Outlook and valuation: We have valued BIL via the DCF method. Given good revenue predictability owing to the long-term nature of MSAs, improving margins due to higher tenancy ratio, falling capex intensity and rising FCF, we believe DCF is the best way to value a tower company like BIL. Our WACC is 12.7% owing to low debt-equity ratio of 0.2x, with post-tax cost of debt at 7%. We assume 0.8x  beta, which is the average of the betas of global peers American Tower, SBA Communications and Crown Castle. We take 8% as risk-free rate and 8% as equity risk premium. Thus, cost of equity (CoE) works out to 14.4%. We assume 3%
terminal growth.

Thus, present value (PV) of FCF until FY22E works out to Rs270.7bn, while PV of the terminal value is Rs254.6bn, implying total EV of Rs525.4bn. Adjusted for net debt, total equity value is Rs556.4bn, implying a fair value of Rs278. This implies a 32% upside from the lower end and a 16% upside from the upper end of the IPO price band. Therefore, we recommend investors to subscribe to the IPO.

Company Background
Bharti Infratel is a provider of tower and related infrastructure and on a consolidated basis, it is one of the largest tower infrastructure providers in India, based on the number of towers that Bharti Infratel owns and operates and the number of towers owned or operated by Indus, that are represented by Bharti Infratel’s 42% equity interest in Indus. The business of Bharti Infratel and Indus is to acquire, build, own and operate tower and related infrastructure. Bharti Infratel and Indus currently provide access to their towers primarily to wireless telecommunications service providers on a shared basis, under long-term contracts and we believe that there exists the possibility of providing additional services such as signal transmission and first level maintenance services in relation to customer equipment at towers. Bharti Infratel’s and Indus’ three largest customers are Bharti Airtel (together with Bharti Hexacom), Vodafone India and Idea Cellular, which are the three leading wireless telecommunications service providers in India by wireless revenue. (Source: TRAI)
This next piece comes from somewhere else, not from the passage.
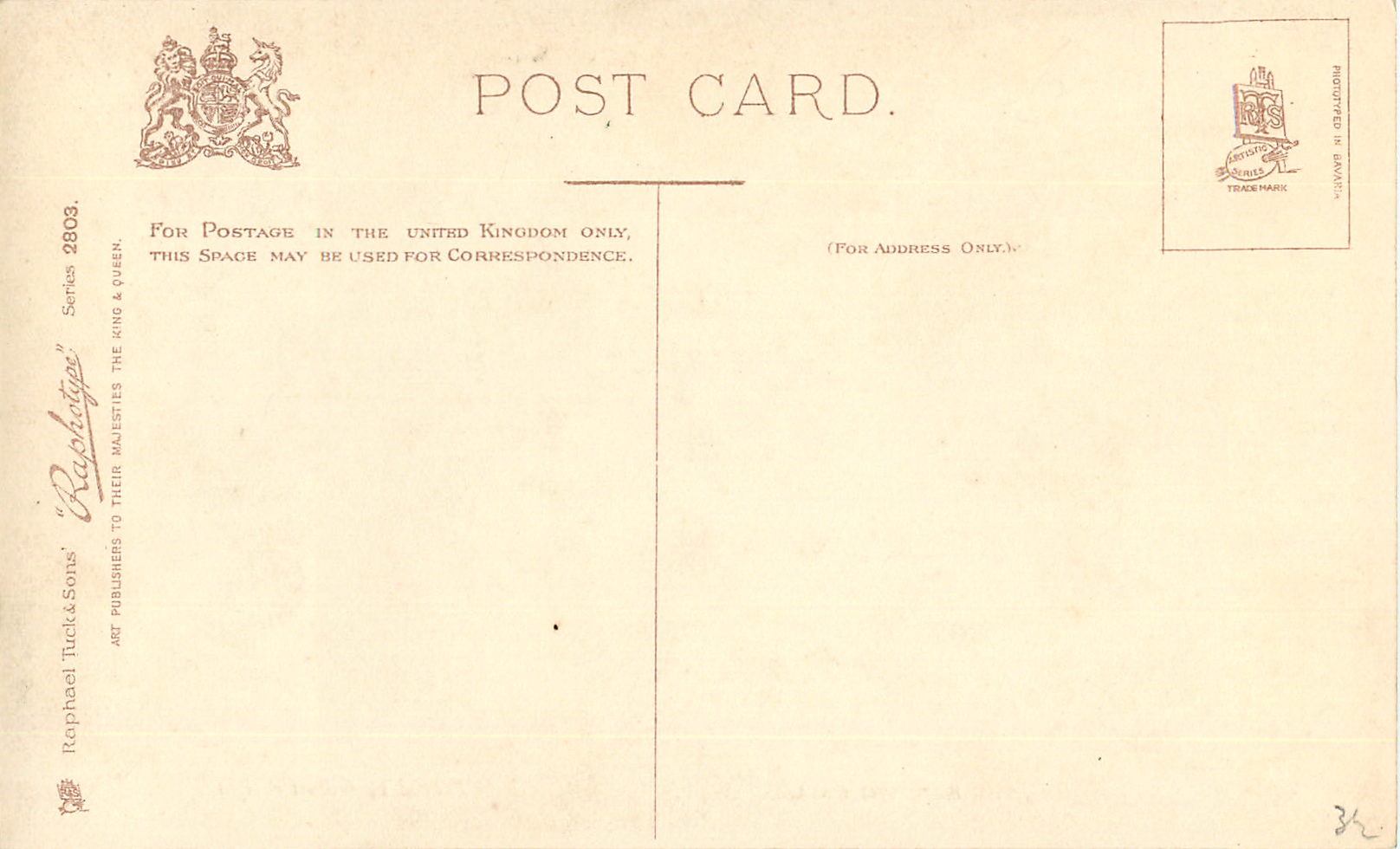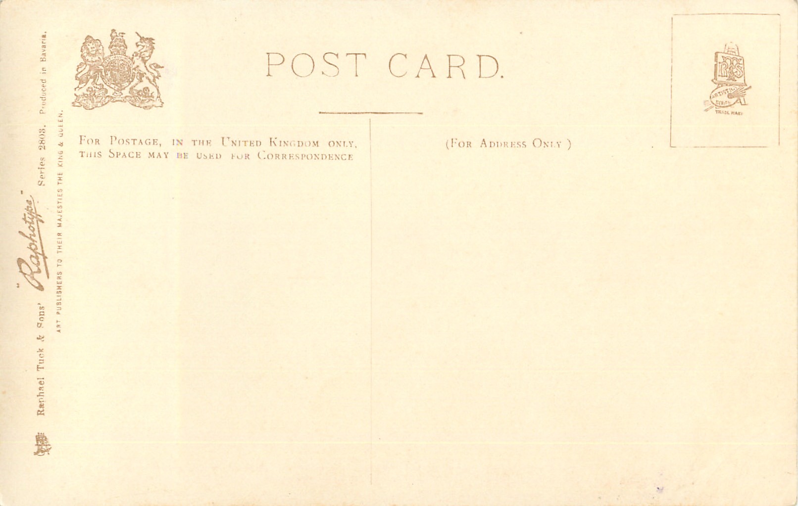 RAPHOTYPE, PRODUCED IN BAVARIA or PHOTOYPED IN BAVARIA (in stamp box), same set in green/black 2903, PAINTED BY J. CHARLTON or GILBERT WRIGHT., listed in 1904 POSTCARD Catalogue

Bharti Infratel has a nationwide presence with operations in all 22 telecommunications Circles in India, with Bharti Infratel’s and Indus’ operations overlapping in four telecommunications Circles. As of September 30, 2012, Bharti Infratel owned and operated 34,220 towers in 11 telecommunications Circles while Indus operated 1,10,651 towers in 15 telecommunications Circles. With Bharti Infratel’s towers and Bharti Infratel’s 42% interest in Indus, it has an economic interest in the equivalent of 80,656 towers in India as of September 30, 2012.